Here's the situation. My R
code is supposed to check whether existing RData
files in application's cache are up-to-date. I do that by saving the files with names consisting of base64
-encoded names of a specific data element. However, data corresponding to each of these elements are being retrieved by submitting a particular SQL query per element, all specified in data collection's configuration file. So, in a situation when data for an element is retrieved, but afterwards I had to change that particular SQL query, data is not being updated.
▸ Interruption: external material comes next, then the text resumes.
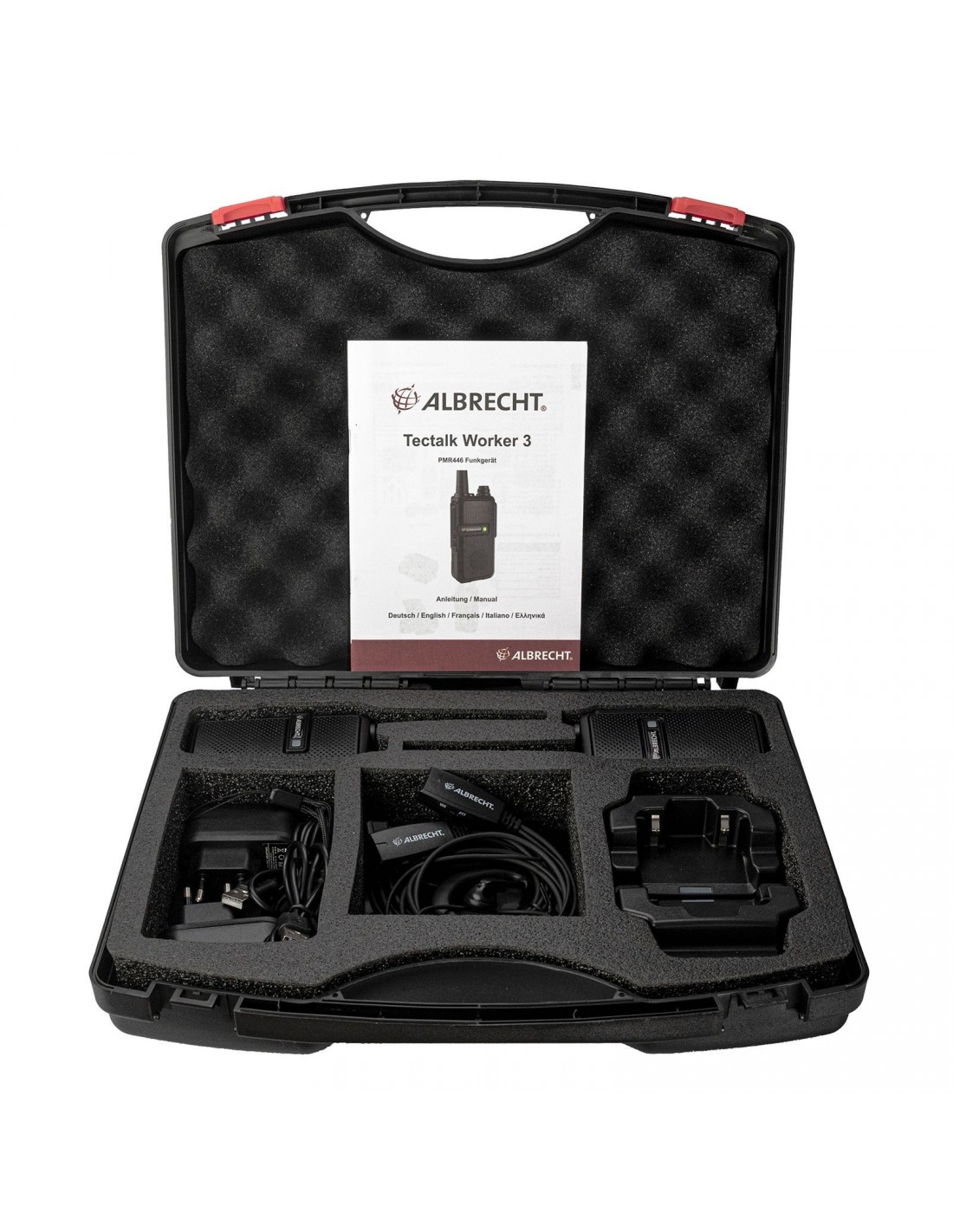 Albrecht Tectalk Worker 3 tiene función manos libres, certificación a prueba de polvo y salpicaduras y un chasis extremadamente robusto y ergonómico, con un PTT accesible incluso con guantes o manos húmedas. Características que la hacen perfecta para trabajos duros en exteriores, por ejemplo, en obras de construcción.

In order to handle this situation, I decided to use R
objects' attributes. I plan to save each data object's corresponding SQL query (request
) - base64
-encoded - as the object's attribute:
# save hash of the request's SQL query as data object's attribute,
# so that we can detect when configuration contains modified query
attr(data, "SQL") <- base64(request)
Then, when I need to verify whether the SQL has been query changed, I'd like to simply retrieve the object's corresponding attribute and compare it with the hash of the current SQL query. If they match - the query hasn't been changed and I skip processing this data request, if they don't match - the query has been changed and I go ahead with processing the request:
# check if the archive file has already been processed
if (DEBUG) {message("Processing request \"", request, "\" ...")}
if (file.exists(rdataFile)) {
# now check if request's SQL query hasn't been modified
data <- load(rdataFile)
if (identical(base64(request), attr(data, "SQL"))) {
skipped <<- skipped + 1
if (DEBUG) {message("Processing skipped: .Rdata file found.\n")}
return (invisible())
}
rm(data)
}
My question is whether it's possible to read/access object's attributes without fully loading the object from file. In other words, can I avoid the load()
and rm()
in the code above?
Your advice is much appreciated!
UPDATE: Additional question: What's wrong with my code, as it performs processing even when it shouldn't - in case, when all information is up-to-date (no changes in cache and in configuration file as well)?
UPDATE 2 (additional code per @MrFlick's answer):
# construct name from data source prefix and data ID (see config. file),
# so that corresponding data object (usually, data frame) will be saved
# later under that name via save()
dataName <- paste(dsPrefix, "data", indicator, sep = ".")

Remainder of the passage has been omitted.